Three different species of penguins — the cartoon-eyed Adelie penguin, the black-striped chinstrap and the fast-swimming gentoo — are beginning their reproductive process about two weeks earlier than they did a decade ago, according to a study published Tuesday in the Journal of Animal Ecology. The change in habits is generating possible feeding problems for the chicks.
Researchers used remote-controlled cameras to photograph penguins breeding in dozens of colonies between 2011 and 2021. Between 2012 and 2022, temperatures on breeding grounds rose 5.4 degrees Fahrenheit.
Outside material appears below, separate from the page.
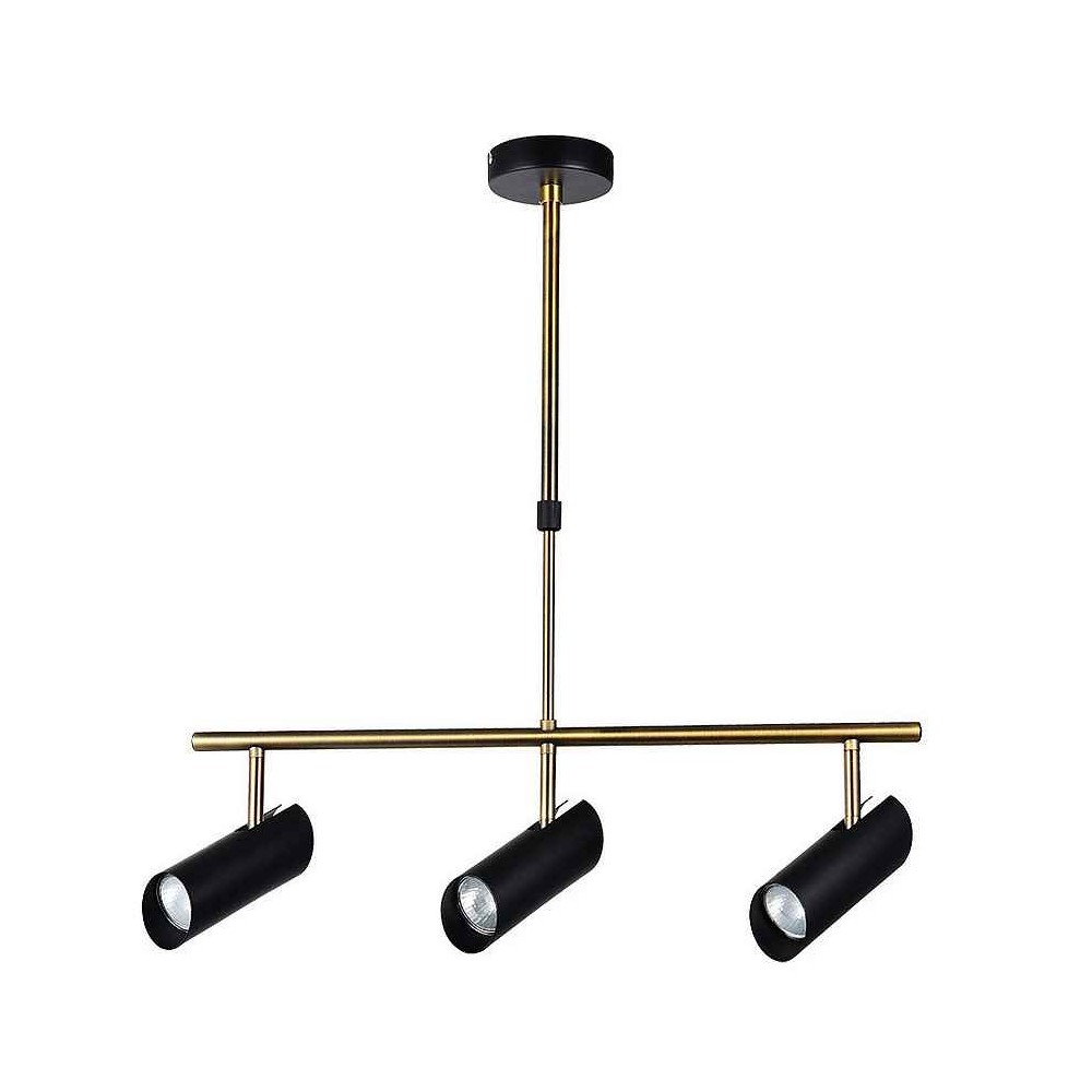 MARRAKECH series three-light lamp in NEGRO/ORO color. Made in metal, with modern design, it consists of three ORIENTABLE foci that are arranged in linear form from the central body, allowing to direct the light to the area that most interest the stay that decores. Ideal for living rooms, dining rooms and even working areas that match Modern, Vintage and new Industrial style decorations. It has three GU10 lamp holders. Not included bulbs.

“Penguins are changing the timing of their reproduction at record speed, faster than any other vertebrate,” said the study’s lead author, Ignacio Juárez Martínez, a biologist at the University of Oxford in the United Kingdom. “And this is important because the time when it reproduces must coincide with the time when there are more resources in the environment and this is mainly food for the chicks, so that they have enough to grow.”
The researchers said it was the most rapid change over time in the life cycles of any animal with a backbone they had ever seen. For some perspective, scientists have studied changes in the life cycle of the great tit, a European bird. They found a similar two-week shift, but that took 75 years, compared to just 10 years for these three penguin species, said study co-author Fiona Suttle, another Oxford biologist.

Winners and losers in a warming world
Suttle said climate change is creating winners and losers among these three penguin species, at a time in the penguin life cycle where food and competition for it are critical to survival.
Adélie and chinstrap penguins are specialists and feed mainly on krill. Papuans have a more varied diet. Birds used to breed at different times, so there was no overlap. But gentoo breeding has advanced faster than the other two species, creating competition. That’s a problem because gentoos, which don’t migrate as far as the other two species, are more aggressive in finding food and establishing nesting areas, Martinez and Suttle said.
Suttle said he returned in October and November to the same areas of the colony where he used to see Adelies in previous years only to find their nests replaced by gentoos. And the data backs up his observations, he said.
“Masks are decreasing worldwide,” Martínez said. “The models show that they could go extinct before the end of the century at this rate. The Adélies are doing very poorly on the Antarctic Peninsula and are very likely to go extinct on the Antarctic Peninsula before the end of the century.”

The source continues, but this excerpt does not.